### INFORMATION PROVIDED

>>

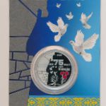 75 лет Победы во Второй мировой войне. Цветная эмаль. Маки, голуби. стилизованные изображения силуэта советского солдата на фоне рассеченной трещинами стены, символизирующей разрушения принесенные войной.
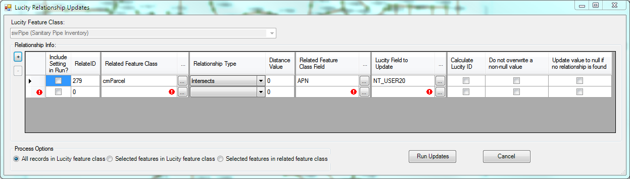 Runs the tool against the selected records from the Related Feature Class, identifies the Lucity records that meet the Relationship Type, then updates only those Lucity records. |
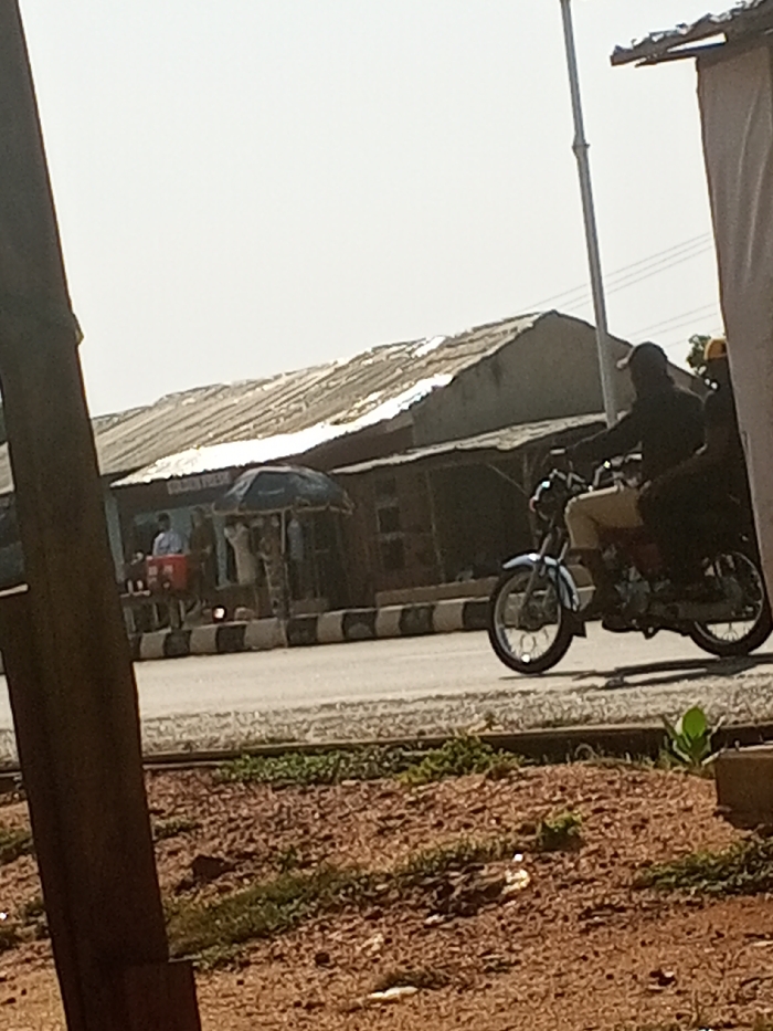The image depicts a daytime street scene in Adankolo, Nigeria

<<

Copy the listing above verbatim; the pictures it contains are to stay out.

### EXERCISE SOLUTION
 75 лет Победы во Второй мировой войне. Цветная эмаль. Маки, голуби. стилизованные изображения силуэта советского солдата на фоне рассеченной трещинами стены, символизирующей разрушения принесенные войной.
 Runs the tool against the selected records from the Related Feature Class, identifies the Lucity records that meet the Relationship Type, then updates only those Lucity records. |
The image depicts a daytime street scene in Adankolo, Nigeria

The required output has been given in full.